Welcome to reality. Stocks really do go down as well as up. Yes, stocks have made about 10.5 percent a year, compounded, since 1926, according to Ibbotson Associates, almost double what long-term bonds have made. But stocks don’t rise in a straight line. Think of the market as a roller coaster in which highs are higher than previous highs, and lows are higher than previous lows. That still leaves plenty of disturbing dips that can make you lose your cookies.

So why shouldn’t I tell you to bail out now and wait for better days? Because it’s easy to miss the up moves while you’re trying to duck the downs. One of the stock market’s dirty little secrets is that most of its gains are packed into small, concentrated periods. If you miss them, you’re as good as toast. According to a University of Michigan study, 95 percent of the market’s gains from 1963 through 1993 were posted in just 90 trading days: Looking at it another way, that’s a mere 1.2 percent of the days the market was open.

Having said all this, is it time to get out of stocks? Is the market on the edge of an abyss that will swallow up years of your profits? I don’t know–nobody does, really. But I can try to give you some perspective. Some very smart people are predicting drops of 500 to 1,000 points in the Dow. And they’re not necessarily pessimists. That drop would be only 10 to 20 percent–much less than last year’s rise–but it could give palpitations to even the strongest-hearted investors.

Any number of things could trigger a huge drop in the Dow: a war, a financial collapse in Tokyo, a natural disaster, an invasion from Mars. But you can’t predict those. For me, the two biggest worries the average investor can cope with involve stock mutual funds and long-term interest rates.

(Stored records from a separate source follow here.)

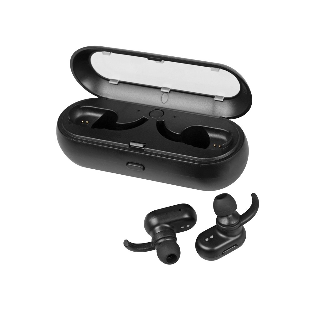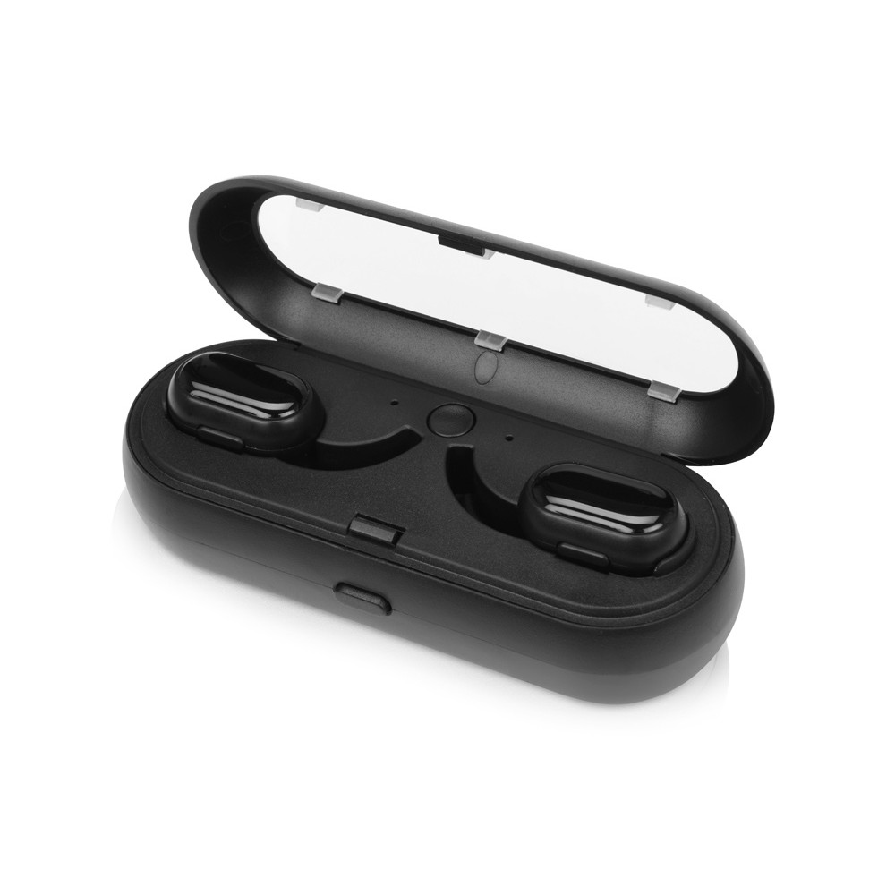 Емкость элементанаушники- 2*40 mAh, зарядная станция- 600 mAh Комплектность2 беспроводных наушника, зарядная станция, чехол, кабель micro-USB, амбушюры- 3 пары, инструкция Материал товарапластик
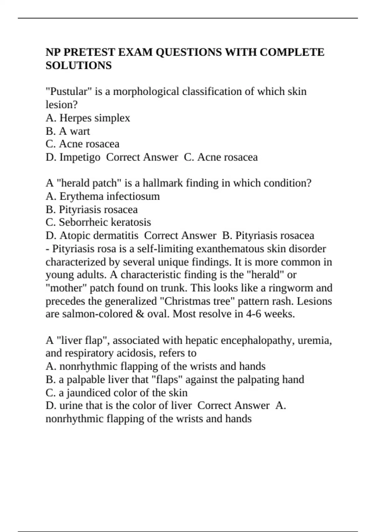 D. Atopic dermatitis Correct Answer B. Pityriasis rosacea
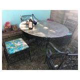 Nice round metal patio table with four matching chairs
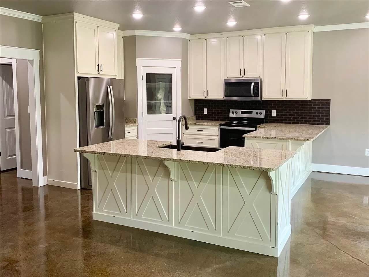 - Functional kitchen design: A center island with seating for four gives you both workspace and gathering options. The sink and dishwasher face the living areas to keep you engaged with guests or family while you prepare meals.
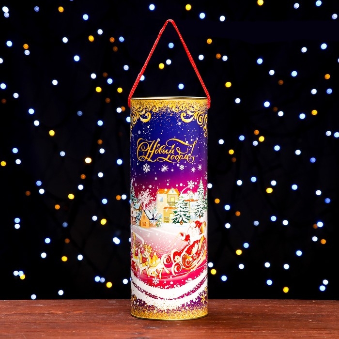 Новый год. Подарочная коробка, тубус под бутылку «Новый Год» 120х345мм (325 мм внутр. высота).
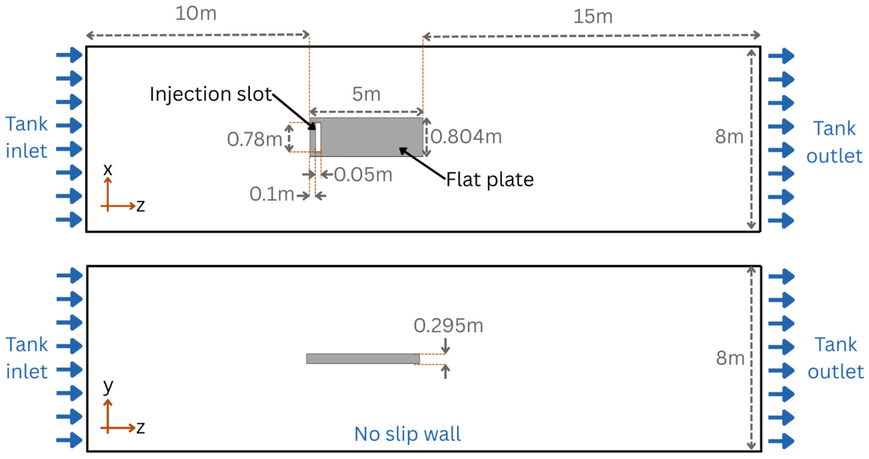 As shown in Figure 1, the flat plate is centrally positioned in the tank, with an upstream length of 10 m and a downstream length of 15 m. Although described here as a flat plate, the model has a finite thickness (T = 0.295 m) to ensure structural strength and realistic boundary-layer development in a three-dimensional domain. The analysis focuses on the lower surface, which behaves as a locally flat wall. This geometry is also practical for future experimental validation, as a plate of finite thickness can be built and tested using the same dimensions and injection setup. The injection slot located 0.1 m (2% L) downstream from near the leading edge on the bot-tom surface of the plate. This position was selected to allow the water injection to interact with the developing boundary layer near the transition region while avoiding the stagnation point at the leading edge. The slot spans, has a span of 0.78 m, corresponding to 97% of the plate width. All other tank boundaries are treated as no-slip walls, while the inlet and outlet are defined by fixed value velocity and zero gradient pressure outlet conditions, respectively. Gravity was enabled in all simulations, acting in the global -y direction, to reproduce the hydrostatic pressure field in water.
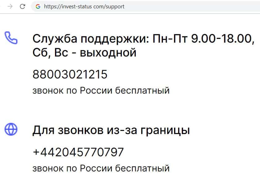 Махинаторы Invest Status на своём сайте указали номера телефонов, с которых сотрудники лохотрона звонят пользователям и заманивают их в финансовую ловушку. Номера мошенников:
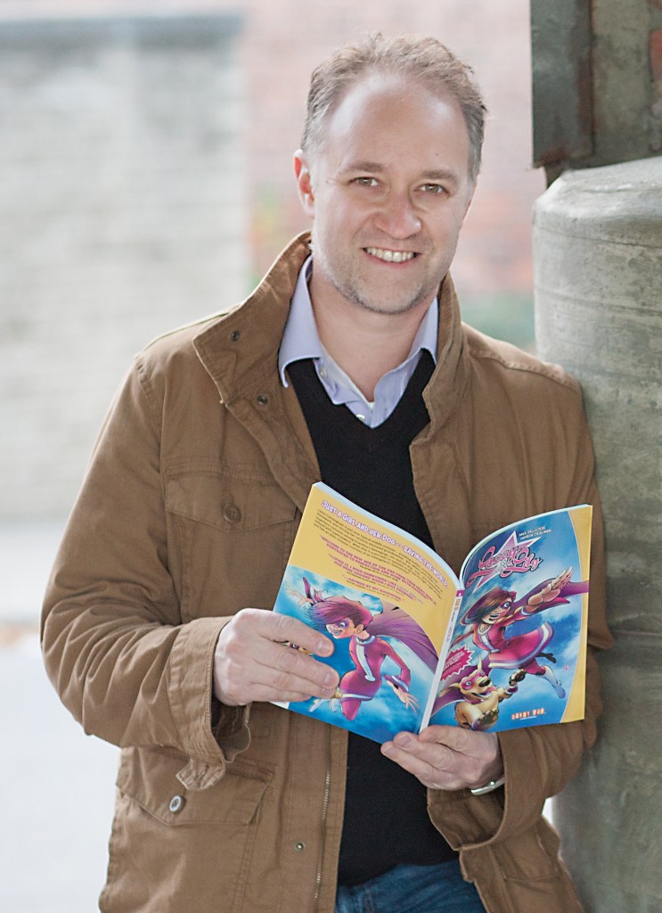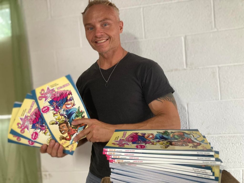 He is the co-creator and writer of the all-ages graphic novel series Lacey & Lily from Darby Pop Publishing, co-creator and writer of the adult comedy series Holidaze, has written prose for AHOY Comics, and is the author of the children’s books The Little Lamp, Lucy and the Ghost take the Stage, and Look Out! Here Comes…the Mope!
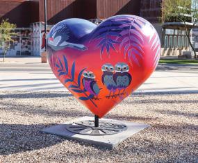 Where else can you discover pieces of artwork that showcase all the beautiful things about a city? You can even turn this one into a scavenger hunt! There are 10 fiberglass hearts placed across the city that are hand painted by artists. The designs on each heart or heART are unique but they all represent the theme Goodyear the Beautiful.
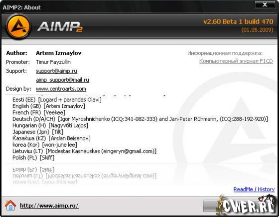 Скачать программу AIMP v2.60 Beta 1 Build 470 (4,62 МБ):
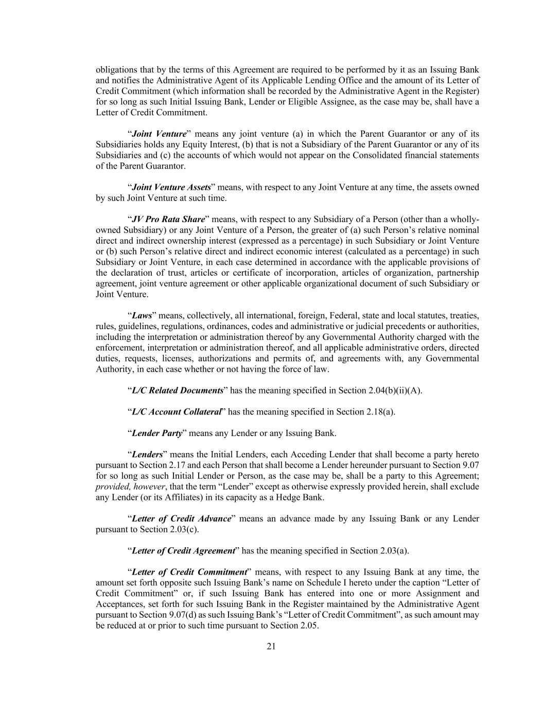 21 obligations that by the terms of this Agreement are required to be performed by it as an Issuing Bank and notifies the Administrative Agent of its Applicable Lending Office and the amount of its Letter of Credit Commitment (which information shall be recorded by the Administrative Agent in the Register) for so long as such Initial Issuing Bank, Lender or Eligible Assignee, as the case may be, shall have a Letter of Credit Commitment. “Joint Venture” means any joint venture (a) in which the Parent Guarantor or any of its Subsidiaries holds any Equity Interest, (b) that is not a Subsidiary of the Parent Guarantor or any of its Subsidiaries and (c) the accounts of which would not appear on the Consolidated financial statements of the Parent Guarantor. “Joint Venture Assets” means, with respect to any Joint Venture at any time, the assets owned by such Joint Venture at such time. “JV Pro Rata Share” means, with respect to any Subsidiary of a Person (other than a wholly- owned Subsidiary) or any Joint Venture of a Person, the greater of (a) such Person’s relative nominal direct and indirect ownership interest (expressed as a percentage) in such Subsidiary or Joint Venture or (b) such Person’s relative direct and indirect economic interest (calculated as a percentage) in such Subsidiary or Joint Venture, in each case determined in accordance with the applicable provisions of the declaration of trust, articles or certificate of incorporation, articles of organization, partnership agreement, joint venture agreement or other applicable organizational document of such Subsidiary or Joint Venture. “Laws” means, collectively, all international, foreign, Federal, state and local statutes, treaties, rules, guidelines, regulations, ordinances, codes and administrative or judicial precedents or authorities, including the interpretation or administration thereof by any Governmental Authority charged with the enforcement, interpretation or administration thereof, and all applicable administrative orders, directed duties, requests, licenses, authorizations and permits of, and agreements with, any Governmental Authority, in each case whether or not having the force of law. “L/C Related Documents” has the meaning specified in Section 2.04(b)(ii)(A). “L/C Account Collateral” has the meaning specified in Section 2.18(a). “Lender Party” means any Lender or any Issuing Bank. “Lenders” means the Initial Lenders, each Acceding Lender that shall become a party hereto pursuant to Section 2.17 and each Person that shall become a Lender hereunder pursuant to Section 9.07 for so long as such Initial Lender or Person, as the case may be, shall be a party to this Agreement; provided, however, that the term “Lender” except as otherwise expressly provided herein, shall exclude any Lender (or its Affiliates) in its capacity as a Hedge Bank. “Letter of Credit Advance” means an advance made by any Issuing Bank or any Lender pursuant to Section 2.03(c). “Letter of Credit Agreement” has the meaning specified in Section 2.03(a). “Letter of Credit Commitment” means, with respect to any Issuing Bank at any time, the amount set forth opposite such Issuing Bank’s name on Schedule I hereto under the caption “Letter of Credit Commitment” or, if such Issuing Bank has entered into one or more Assignment and Acceptances, set forth for such Issuing Bank in the Register maintained by the Administrative Agent pursuant to Section 9.07(d) as such Issuing Bank’s “Letter of Credit Commitment”, as such amount may be reduced at or prior to such time pursuant to Section 2.05.

Mutual funds first. Investors have poured almost half a trillion dollars- that’s trillion, with a ‘T’–into stock funds since the end of 1990. That helps explain why the Dow has almost doubled in the past five years. What happens if mutual-fund investors get scared and start pulling out money en masse? Nothing good. It’s the disaster scenario: managers sell to raise cash to pay departing holders, driving down stock prices. That decline causes more redemptions, setting off a downward spiral that feeds on itself much as last year’s upward spiral fed on itself. Anything could set this in motion. For all we know, fund managers are even now aping Fidelity Magellan, the world’s biggest stock fund, which had almost 12 percent of its assets in bonds at the end of. November.

Which brings us to long-term interest rates. A big reason that stocks rose so much last year is that interest rates on 30-year Treasury securities fell to 6 percent from 8 percent. But one school of thought has it that long-term Treasury rates are artificially low because of the financial problems in Japan. Japanese banks are supposedly trying to make big profits by borrowing yen at less than 1 percent in Japan; converting-the yen to dollars and buying 6 percent Treasuries.

But this Japanese money could depart at any moment for any reason-say, the dollar weakens against the yen. If long-term rates then ran up to 7 percent, it would tank the market in a hurry. You’ll notice that I’ve not talked about budget negotiations in Washington. I don’t think that stuff has long-term effects on the market. Look. Since 1982, we’ve had huge federal deficits and the biggest bull market in history. Why should the fate of the markets hang on whether the federal budget will supposedly be balanced in 2002? Especially since everyone is using seven-year projections, which are so long term I don’t think they’re worth the paper they’re printed on.

But even without mutual-fund redemptions or rising interest rates, it’s just time for something bad to happen to the stock market, at least temporarily. Stock prices have been defying nature by rising as sharply and steadily as they have in the past five years. Two of the market experts I consulted – Joseph Rosenberg, chief investment strategist of Loews Corp., and Chris Davis of Davis Selected Advisers, one of the country’s best-regarded fund companies–both said that the Dow could drop 1,000 points sometime this year. The interesting thing is that Rosenberg is bearish, and has pulled most of his personal money out of stocks, while the Davises, whose investors include me, are still heavily invested in stocks.

Now for some advice, for whatever it’s worth. I’m staying heavily in stocks, at least for now, because I know I can’t time the market. But I’m only 51, so I’ve got lots of time to recover from any mistakes. My stocks still seem sound to me and I still have confidence in my mutual funds’ managers. I’m not telling you what to do with your money; that’s your decision, not mine. I can’t help myself. Whenever I try to balance greed and fear, greed almost always wins.